My concern for  vegetable-haters is multi-faceted. First, their assertion is false nearly 100% of the time, so going through life avoiding non-starchy plants is a disservice to themselves. Second, the benefits of a diet rich in vegetables (and fruit) can’t be beat: people live healthier lives when we eat produce. Third, we dietitians are all about balance. A little bit of everything can fit, but the key is including a lot of different things, as able. The preference for fruits is not uncommon, and I have nothing against the garden’s sweetest bounty, but we do have to be mindful of over-consuming sugars and carbohydrates; fruits also tend to be lower in minerals (like iron, calcium, magnesium) than vegetables. A diet pattern lacking in vegetables is inherently unbalanced as the individual is effectively eliminating an entire category of foods from their diet.
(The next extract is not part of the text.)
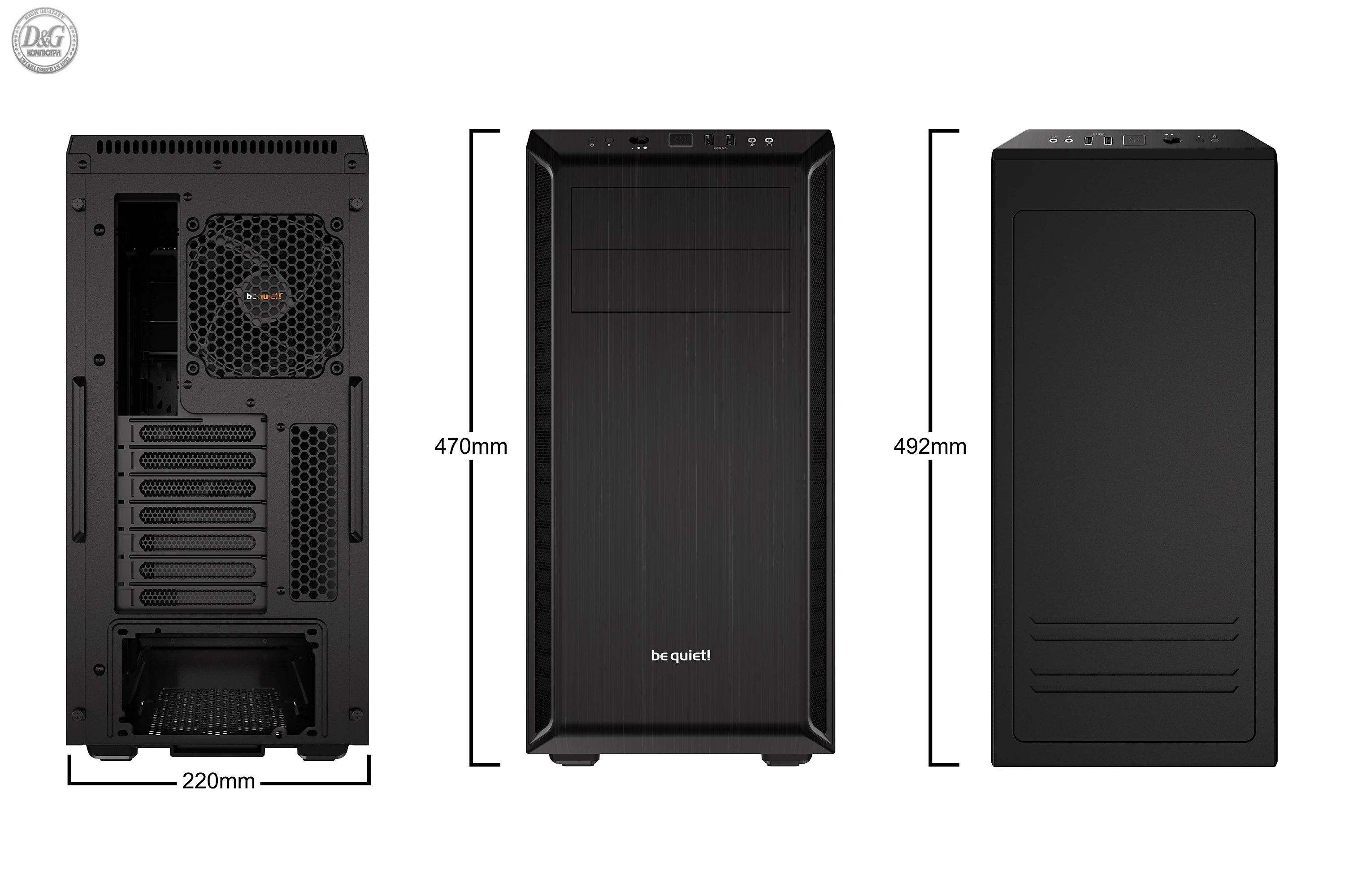 | ДОПЪЛНИТЕЛНИ | 2 pre-installed be quiet! Pure Wings 2 fans Completely sound insulated with dampening material in all relevant places Highly versatile, with repositionable HDD slots and a removable ODD cage Adjustable top cover vent with enhanced cooling options and mounting location for a radiator |

What sets vegetables apart from other food groups is that, unlike dairy and alternatives for example, the vegetable group represents literally thousands of different plants and foods, all with their unique nutrition profiles and culinary qualities.

While I can understand why a person may believe and act as though they do not like any vegetables, I do not accept this as a reasonable way of eating (outside of documented multi-vegetable allergies, of course; I’m not a monster). The beauty of having hundreds of vegetables to choose from (available year round for most of us in North America) is that if you don’t like one type, you can move on to the next. You don’t ever have to eat brussels sprouts if you don’t want to. Is jicama your jam? More power to you. You’d rather eat parsley as your salad than the garnish, enjoy the fresh herbacious taste my friend. Be adventurous with tastes as well. Perhaps parsnip tasted bad the first time, but trying it again, or maybe prepared differently, it will probably taste a little better. Our taste preferences are often based on what we eat most, so we may not have fully developed our tastes for the less-sweet, more-bitter garden-fare. Thus, if we start eating vegetables more often (with an open mind), we’ll likely find that we like them more than they thought.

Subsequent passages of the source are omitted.